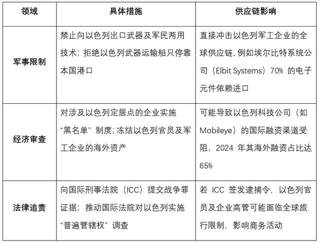 该联盟提出三项核心措施:限制以色列军用物资进出口、审查与以相关的国际合同、推动国际法律追责。这标志着国际社会对以色列的施压从口头谴责转向实质性行动,尤其在供应链领域的追责机制正在形成。
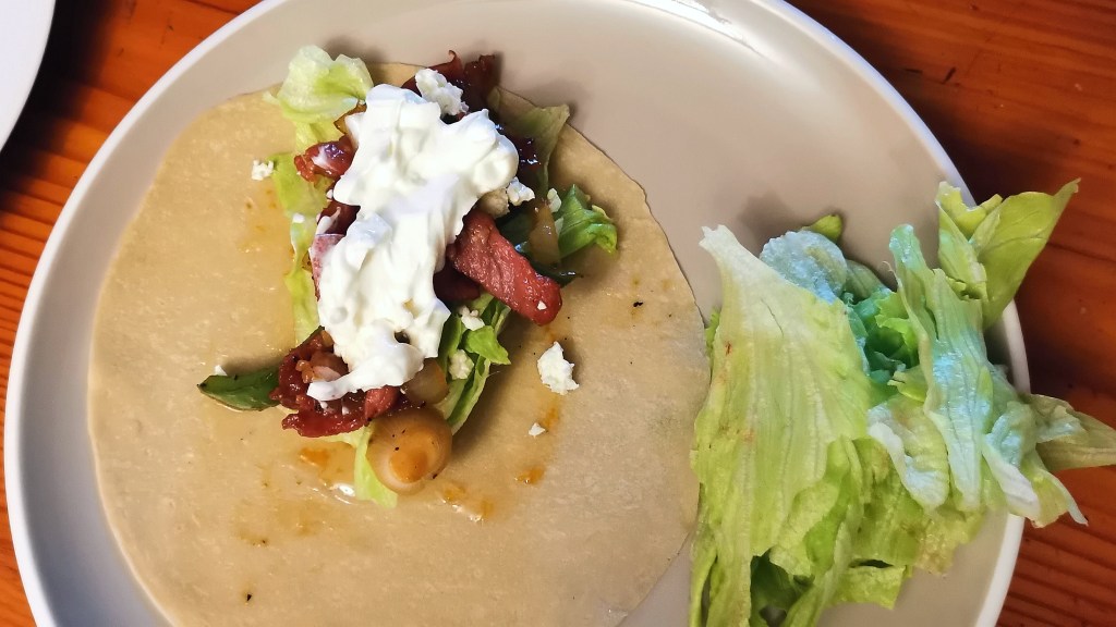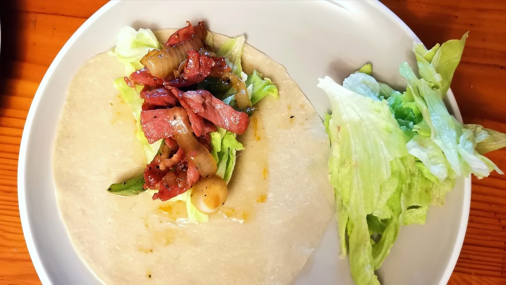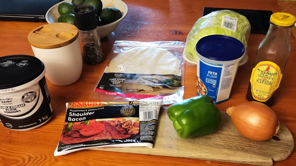 Naturally, I scavenged my pantry and bottom fridge drawer for filling ingredients. I found a pack of bacon, lettuce, a green pepper, an onion and double cream plain yoghurt to name a few. More than enough to make something tasty.
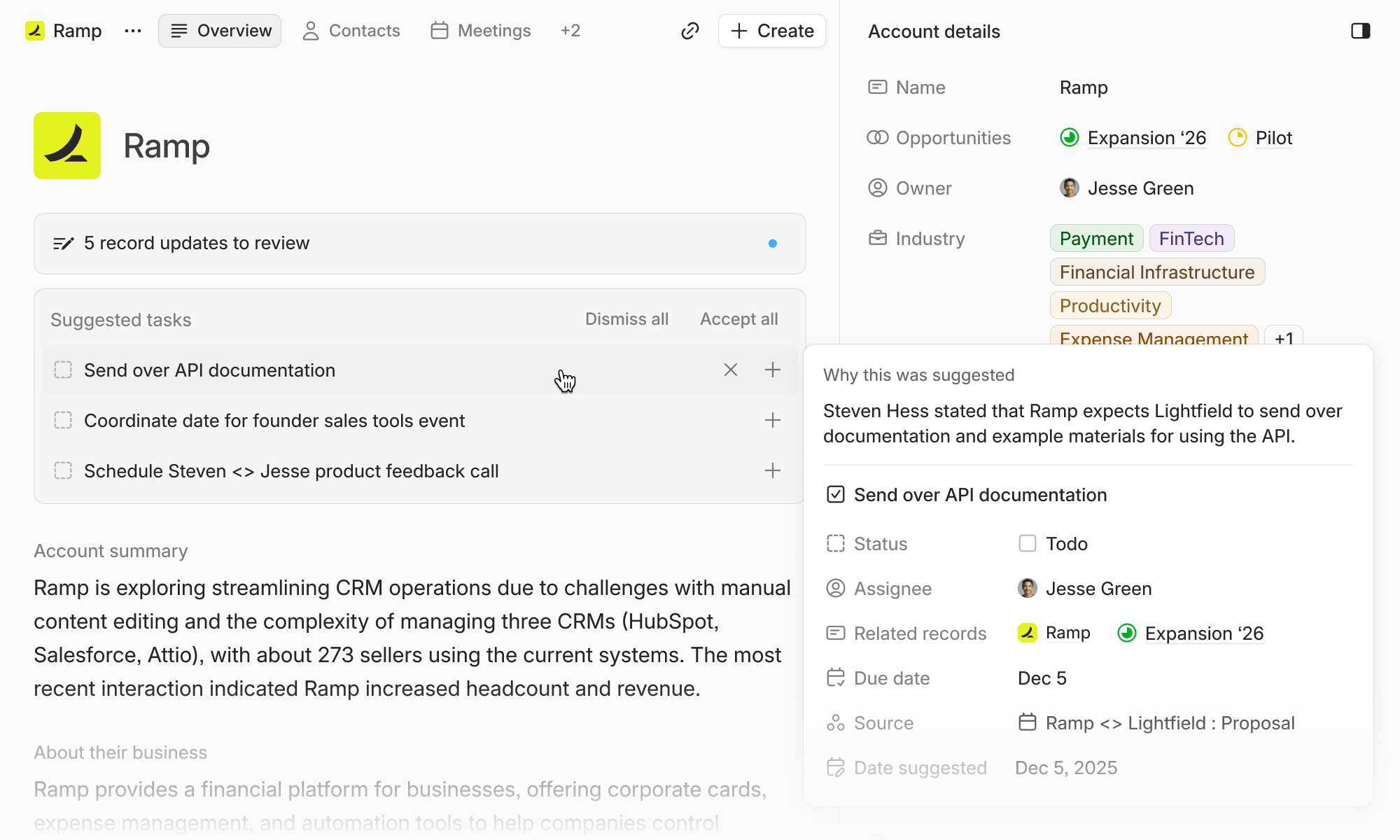 We now surface suggested tasks on related records to make them easier to track. Lightfield will also now capture more tasks from your meetings and emails.

## [TASK DIRECTIONS]
Word for word, give the data above again, without any images.

## [OUTPUT BELOW]
 该联盟提出三项核心措施:限制以色列军用物资进出口、审查与以相关的国际合同、推动国际法律追责。这标志着国际社会对以色列的施压从口头谴责转向实质性行动,尤其在供应链领域的追责机制正在形成。
 Naturally, I scavenged my pantry and bottom fridge drawer for filling ingredients. I found a pack of bacon, lettuce, a green pepper, an onion and double cream plain yoghurt to name a few. More than enough to make something tasty.
 We now surface suggested tasks on related records to make them easier to track. Lightfield will also now capture more tasks from your meetings and emails.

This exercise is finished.